А стрелок-радист Евгений Щербак, глядя в темнеющий глухо лес, вспоминал, как светится ночной воздух у Куинджи, и в который уже раз медленно шел в тот небольшой зал, комнатку в Русском музее в правом крыле первого этажа, где он впервые увидел то полотно - "Ночь на Днепре" - и, увидав картину (да картина ли это?!), испытал шок: в мгновенном жутком головокружении перед ним вдруг с гулом распахнулось окно - проход, туннель в бездонное, черно светящееся пространство, в четвертое неведомое измерение, и он, отшатнувшись, едва устоял на ногах, а когда, опомнившись, увидел рядом еще одно, а там еще и еще несколько таких же полотен, то растерялся и чуть не заплакал от досады - такое не должно быть повторенным, художник не имеет права, написав единожды такое, писать что-то еще - он обязан оставить человечеству только одно, только это - единственное, неповторимое...

А командир огневых установок - КОУ - Георгий Ломтадзе отложил Фолкнера и, зная точно, что же неумолимо гнало несчастного, гордого и одинокого Баярда Сарториса, медленно нащупывал в кармане авторучку; похоже, тут сидеть им еще не один час, и за это время он напишет домой письмо - хорошее, доброе письмо. О том напишет, что мать права - скоро он привезет с собой в отпуск невесту; напишет, что жениха Мзии он посмотрит сам - как глава рода и семьи, как старший брат и учитель своей сестренки; напишет, какой удивительный подарок привезет он приемному братишке Тато - и хорошенько поучит уму-разуму ставшего чересчур самостоятельным среднего братца, хулиганистого Зазико, который решил бросить школу и идти в рыбколхоз; слава богу, он, Георгий, сын Нодари, еще в состоянии обеспечить своих родных! Он ему даст рыбколхоз...

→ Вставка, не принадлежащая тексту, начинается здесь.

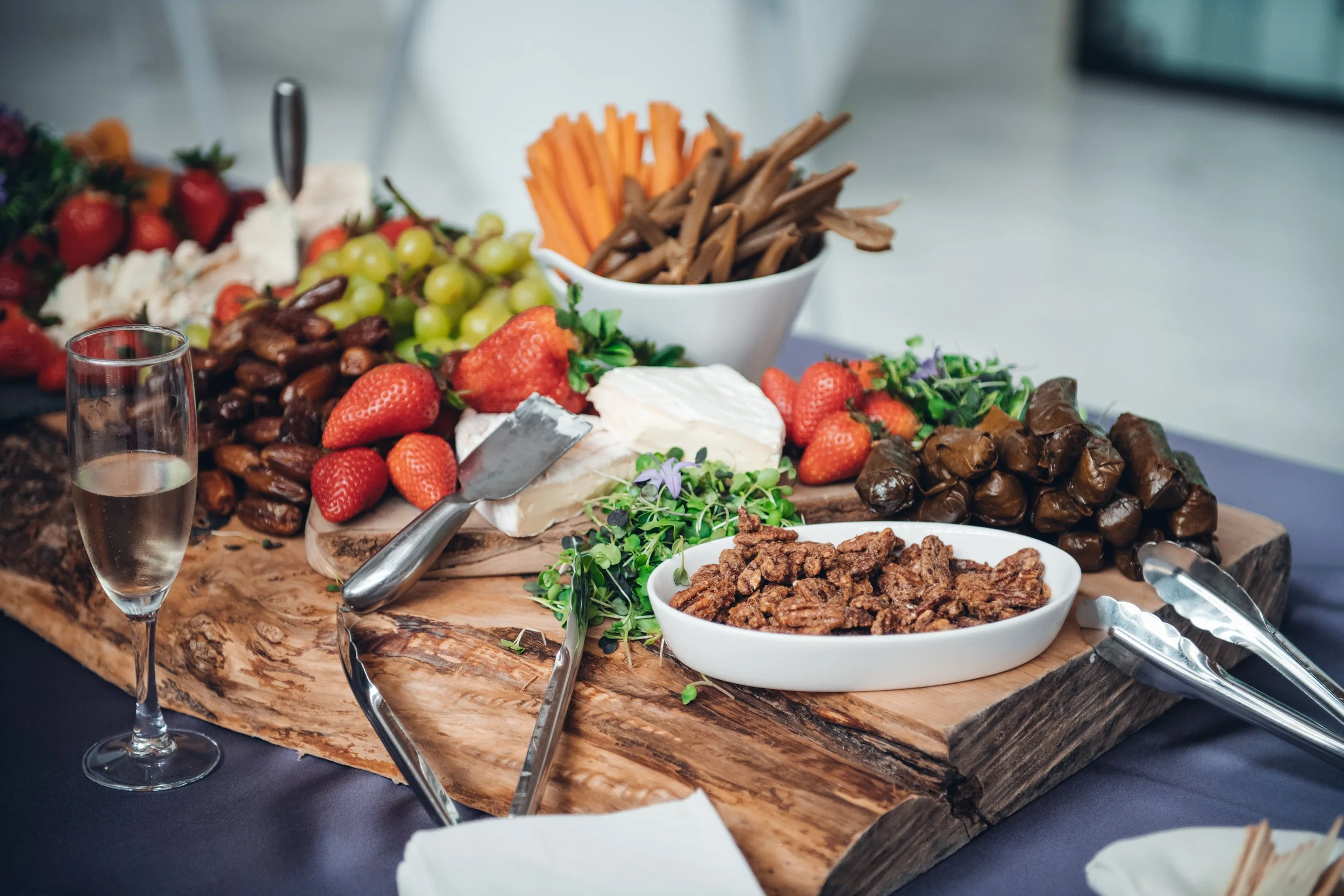 Assorted Cheeses, Cured Meats, Fresh & Dried Fruit, Vanilla-Chipotle Spiced Pecans, Herb Roasted Olives
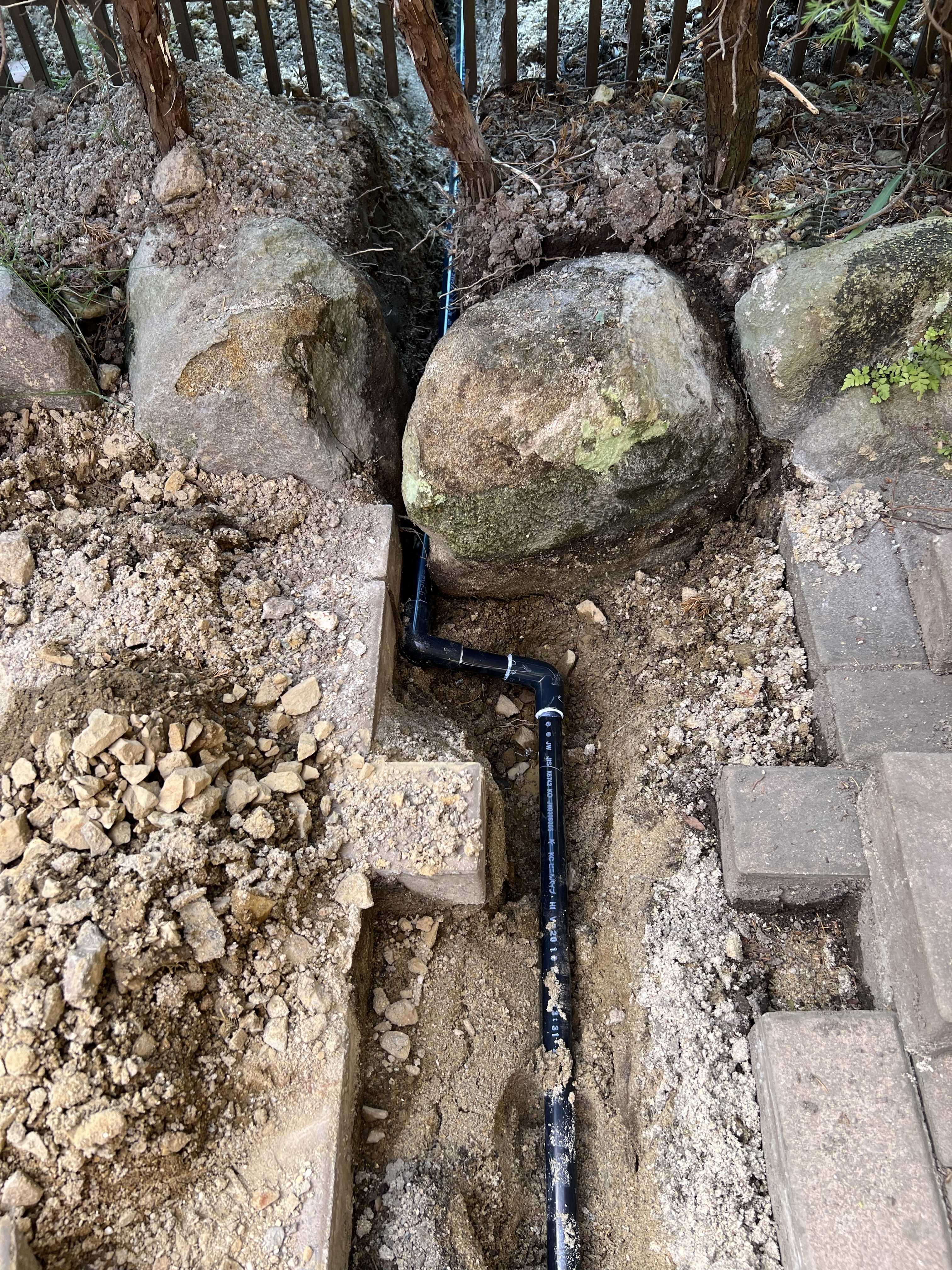 ができないので少し岩をずらして水道管を通しました。
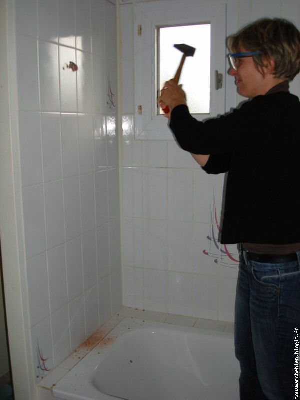 la rénovation de la salle de bain "2 ° étape dégagemenent baignoire et carrelage"
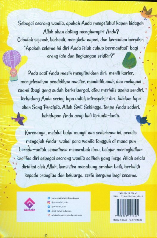 akan Sang Pencipta, Allah Swt Sehingga, tanpa Anda sadari, kehidupan Anda acap kali terlunta-lunta. Karenanya, melalui buku mungil nan sederhana ini. penulis mengajak Anda-wahai para wanita tangguh di manapun beradauntuk senantiasa menambah ilmu, belajar meningkatkan kualitas diri sebagai seorang wanita salihah yang insya Allah selalu diridhai oleh Allah, konsisten menabung amalan baik. berbakti kepada orangtua dan keluarga, serta berguna bagi sesama.
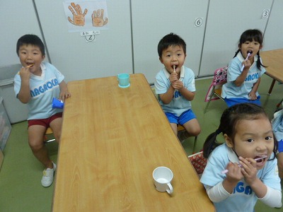 昼食後には歯磨きの指導を行います。鉛筆のように歯ブラシを持ち、 音楽に合わせながら、楽しく磨きます。『シャカシャカ』という音を聞かせてね というと、しっかり磨くようになりますよ!!
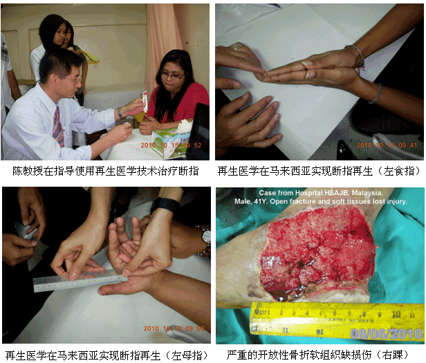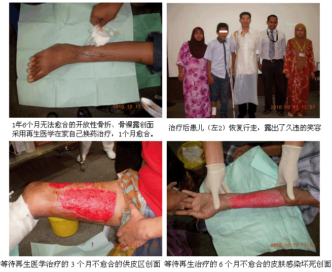 自從再生醫(yī)學(xué)學(xué)術(shù)演講在今年年7月在馬來西亞Kuching舉辦的亞太估計(jì)整形大會上引起轟動(dòng)和強(qiáng)烈反響后,再生醫(yī)學(xué)的學(xué)術(shù)地位和影響力在亞太地區(qū),特別是在馬來西亞得到了明顯提升。為了發(fā)揮出學(xué)術(shù)的優(yōu)勢,趁熱打鐵在馬來西亞推廣再生醫(yī)學(xué)技術(shù),2010年10月10日至29日,馬來西亞今年的第三輪醫(yī)療開發(fā)與維護(hù)工作順利展開,收效顯著。在20天的時(shí)間里,先后舉辦了州級(省級)培訓(xùn)班2期,院級培訓(xùn)班7期,培訓(xùn)了燒傷、整形、普通外科、骨科、內(nèi)科的醫(yī)師和護(hù)士580余名;對 5家老基地醫(yī)院的臨床應(yīng)用與技術(shù)規(guī)范進(jìn)行了有效的維護(hù)、推進(jìn)和提高;成功新開發(fā)了4家新的大型政府教學(xué)醫(yī)院和1家大學(xué)醫(yī)院;會診、指導(dǎo)30多例危重疑難病例的救治[燒傷7例(特重度燒傷2例),創(chuàng)傷13例,慢性潰瘍11例,皮膚病1例,等],醫(yī)療開發(fā)與維護(hù)齊頭并進(jìn)。
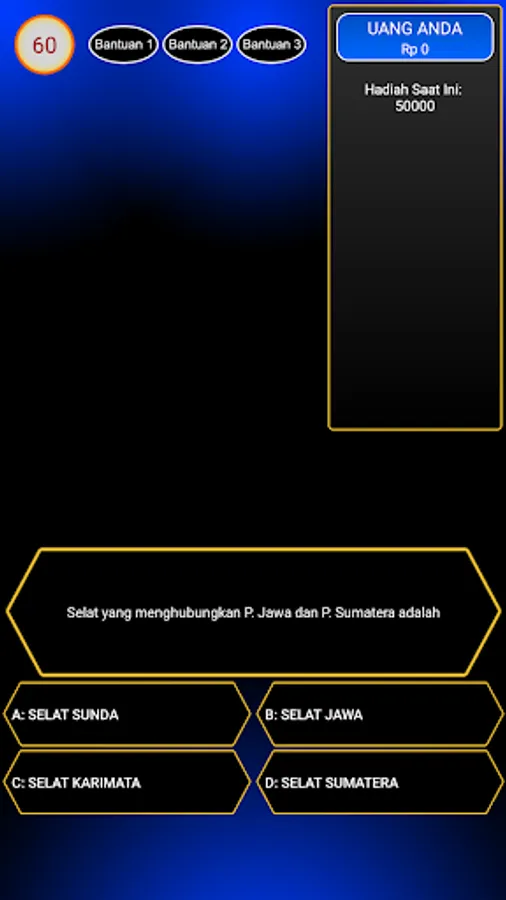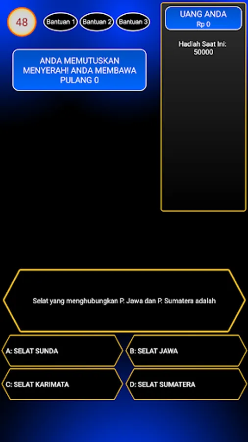 This game requires you to answer several questions with 4 answer choices. In addition, you are also given 3 help, that is, each help will eliminate one wrong answer.
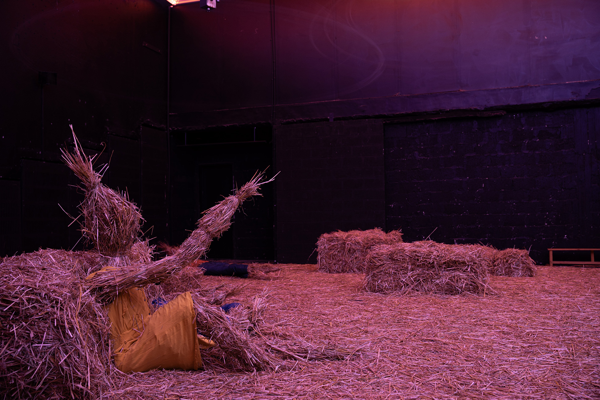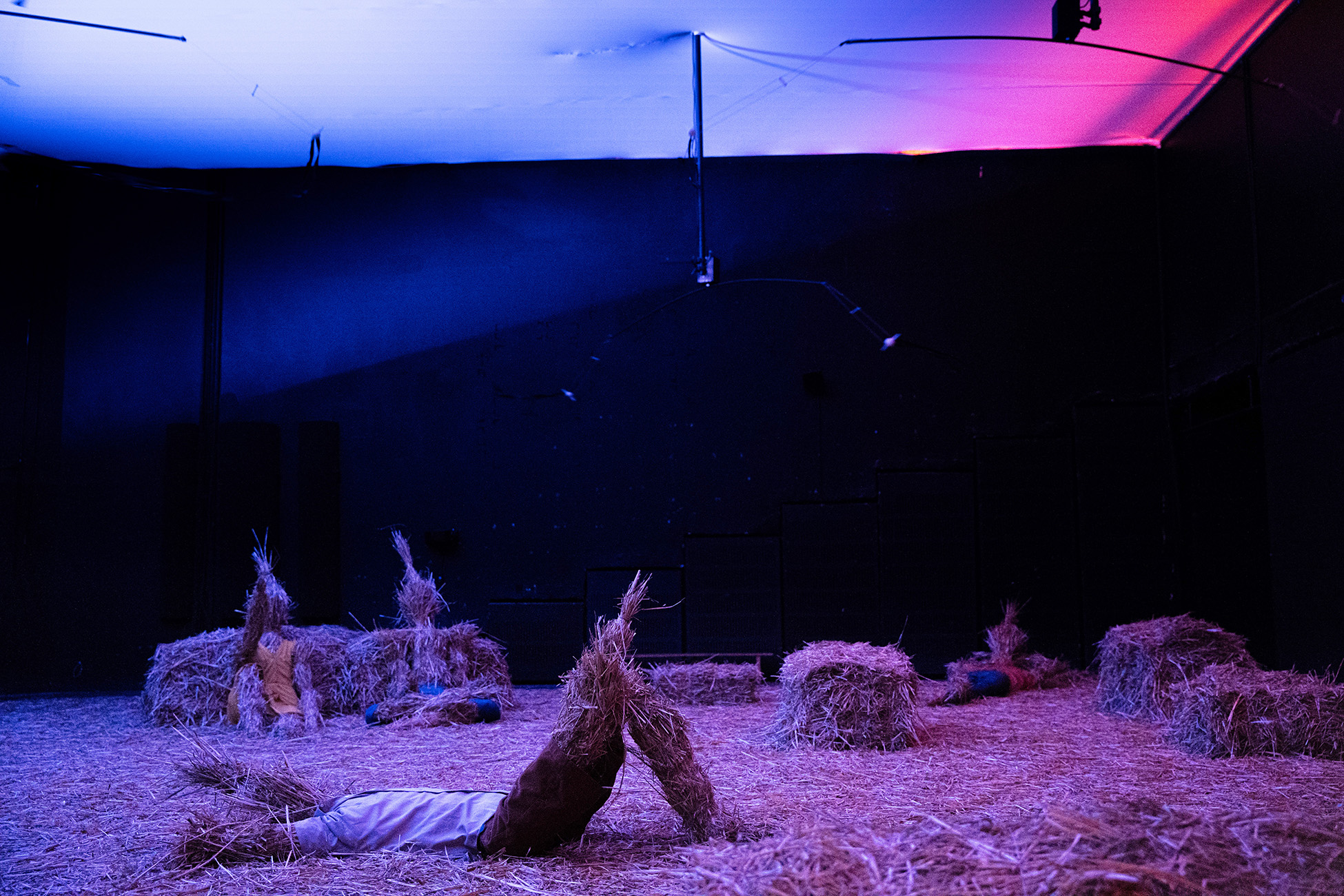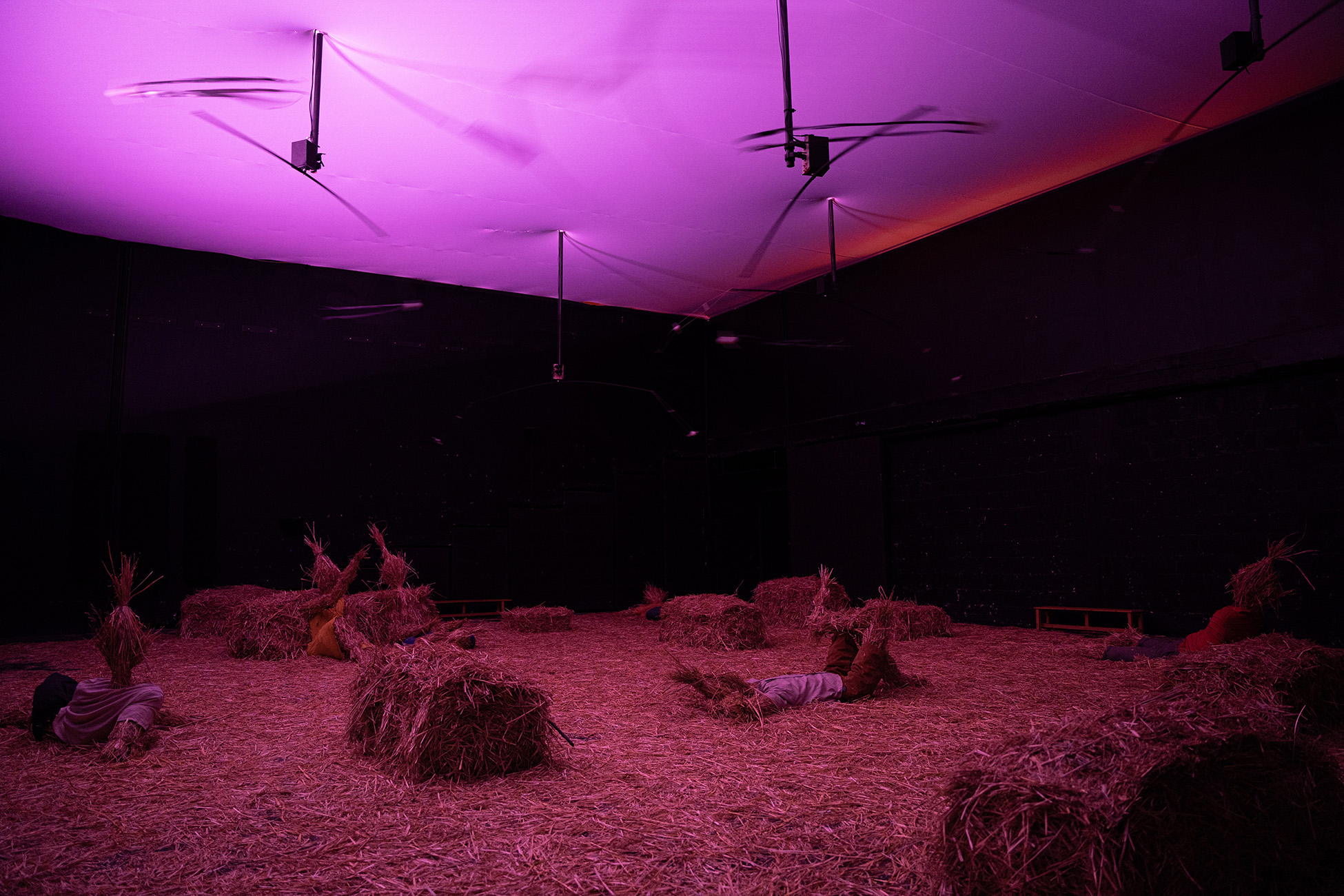 In 'The Dreamers' Solo Exhibition, the central theater hall of HAZIRA, transforms into a post-human realm, a perpetual tension between two worlds: the celestial and the earthly. Above, artificial sky, and below, the stage as the ground.

А штурман-оператор подполковник Агеев, подменяющий штатного оператора на сегодня, закончил прогревание и проверку своей аппаратуры и сидел в открытом люке, свесив ноги, и неторопливо, с удовольствием беседовал с пожилым прапорщиком-механиком, сидящим на колесе, о проблемах воспитания девчонок в нынешних, сумасшедших условиях конца сумасшедшего телевизионного века, соглашаясь, что они, нынешние ребятки, все-таки очень и очень славные, чего б там про них ни говорили взрослые и чего б они сами про себя ни придумывали.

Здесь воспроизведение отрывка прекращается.